Modern strategies of multimodal therapy for malignant diseases have significantly increased patient survival rates.1 Developing secondary malignant neoplasm is the second leading cause of death in children with an estimated cumulative incidence of 3.3%‒12% over a 20-year follow-up period. Ewing’s Sarcoma (ES) rarely develops as a secondary malignancy, especially in the temporo-occipital region. In most cases, it develops after treatment of primary sarcoma or hematological malignancies.1,2

The aim of this study was to present a case of a 23-year-old female patient with secondary ES of the temporo-occipital region that occurred 12-years after medulloblastoma treatment.

Case report

A 23-year-old female patient was admitted to our clinic due to bleeding from the left ear, pain and swelling of the retroauricular region. Clinical examination revealed the presence of granulations and blood in the left external auditory canal. From the personal history, we learned that the patient had undergone surgery for medulloblastoma 12-years ago, after which there were remaining signs of peripheral facial nerve palsy (House-Brackmann score III) and cerebellar syndrome. The patient received TD 20 Gy in the head region and TD 35 Gy in the spinal region. In chemotherapy, VI cycles were applied by the PECKER protocol ‒ Lomustine (CCNU), Vincristine (VCR) and Cisplatin (CDDP).

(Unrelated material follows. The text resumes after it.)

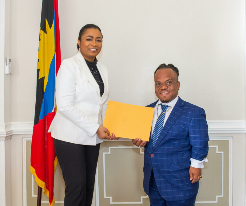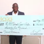 Juante Kirby was presented with an all-inclusive weekend for two at Carlisle Bay Resort by Her Excellency Lady Williams on behalf of the Halo Foundation.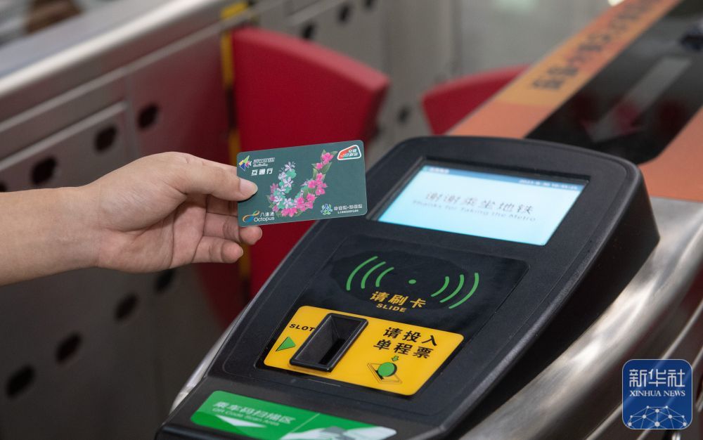 ↑在深圳福田站地鐵閘機出口,用戶持深港互通行卡準備刷卡(2023年8月30日攝)。新華社記者 毛思倩 攝

Computed Tomography (CT) of the temporal bone revealed sclerotically altered and destroyed left occipital and temporal bone with signs of inflammation in mastoid cells (Fig. 1).

Figure 1.

CT of the temporal bone (axial section). Sclerotically altered and destroyed left occipital and temporal bone with the formation of new bone (white arrow).

(0.34MB).

Magnetic Resonance Imaging (MRI) of the endocranium indicated extensive post-treatment sequelae in the cerebellum region, with no clear signs of the tumor recurrence. Pathological content was present in the mastoid cells and tympanic cavity with the structurally altered left temporal and occipital bone.

Digital Subtraction Angiography (DSA) showed a hypervascular tumor in the projection of the left temporal bone with a pronounced fistulous component. The tumor was irrigated from the left a.carotis externae, the dural branches of the left a.carotis internae, as well as the dural branches of the left vertebral artery (Fig. 2).

Figure 2.

DSA indicates a hypervascular tumor of the left temporo-occipital region (white arrow).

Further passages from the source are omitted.